[[ GIVEN DATA, beginning ]]
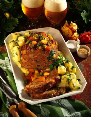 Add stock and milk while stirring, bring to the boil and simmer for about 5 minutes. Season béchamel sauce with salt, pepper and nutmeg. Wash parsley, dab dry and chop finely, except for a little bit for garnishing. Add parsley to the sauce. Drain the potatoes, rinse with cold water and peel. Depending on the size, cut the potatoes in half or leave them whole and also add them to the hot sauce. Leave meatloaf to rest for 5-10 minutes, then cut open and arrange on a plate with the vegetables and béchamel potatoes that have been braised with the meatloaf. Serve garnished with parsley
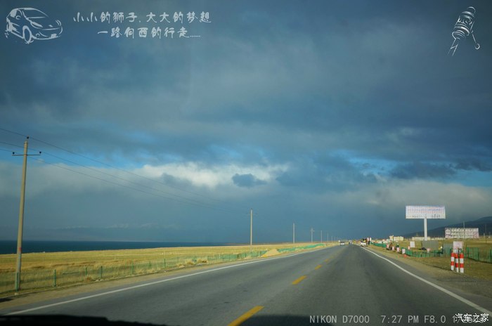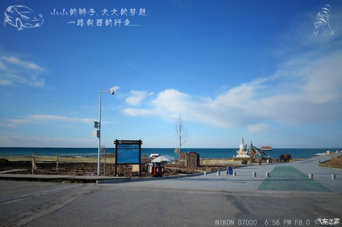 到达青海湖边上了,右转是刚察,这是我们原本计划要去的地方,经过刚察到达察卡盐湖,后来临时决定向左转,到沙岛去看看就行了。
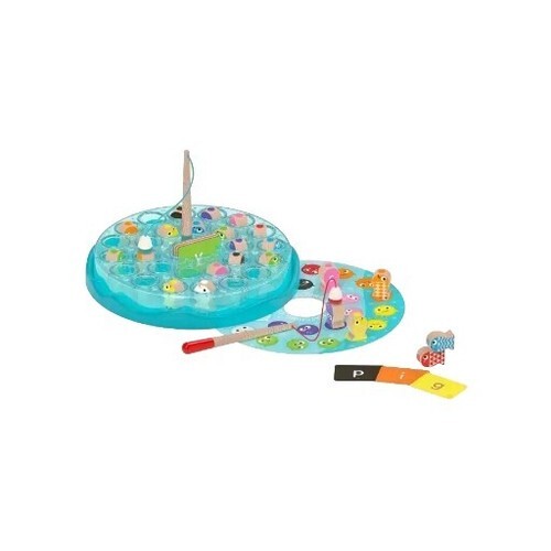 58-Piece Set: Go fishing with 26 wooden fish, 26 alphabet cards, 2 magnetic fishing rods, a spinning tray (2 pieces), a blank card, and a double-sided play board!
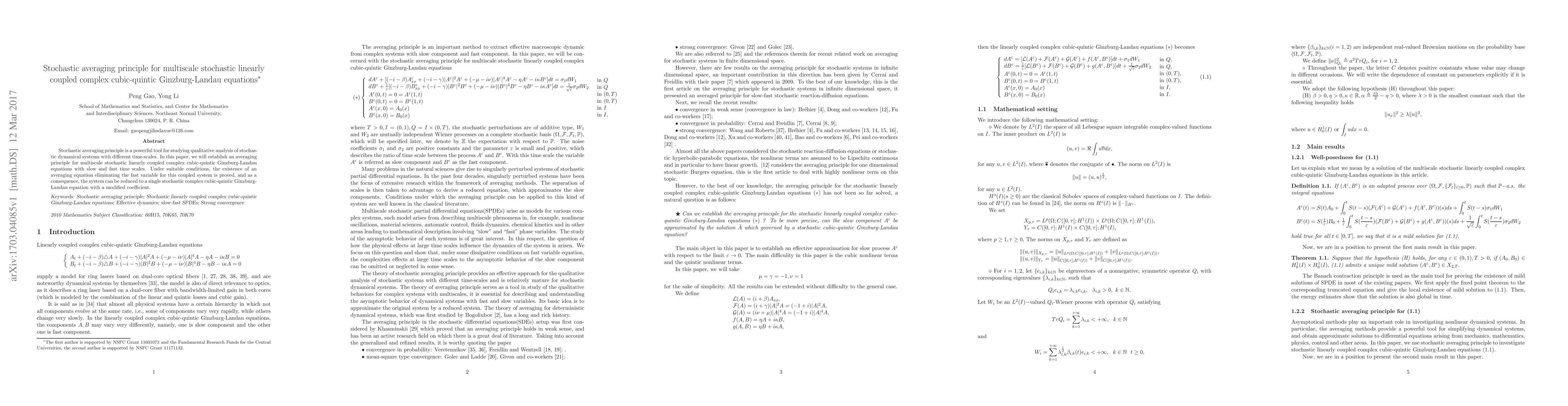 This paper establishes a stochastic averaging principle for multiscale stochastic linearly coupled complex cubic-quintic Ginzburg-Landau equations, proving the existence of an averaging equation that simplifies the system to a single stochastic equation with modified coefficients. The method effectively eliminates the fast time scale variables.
[[ GIVEN DATA, end ]]
■ **PROBLEM STATEMENT**
Look through the material above. Transcribe exactly the lines between the ones with "到达青海湖边上了,右转是刚察" and "58-Piece Set: Go", inclusive, and keep pictures out.

■ **OUTPUT OF THE EXERCISE**
 到达青海湖边上了,右转是刚察,这是我们原本计划要去的地方,经过刚察到达察卡盐湖,后来临时决定向左转,到沙岛去看看就行了。
 58-Piece Set: Go fishing with 26 wooden fish, 26 alphabet cards, 2 magnetic fishing rods, a spinning tray (2 pieces), a blank card, and a double-sided play board!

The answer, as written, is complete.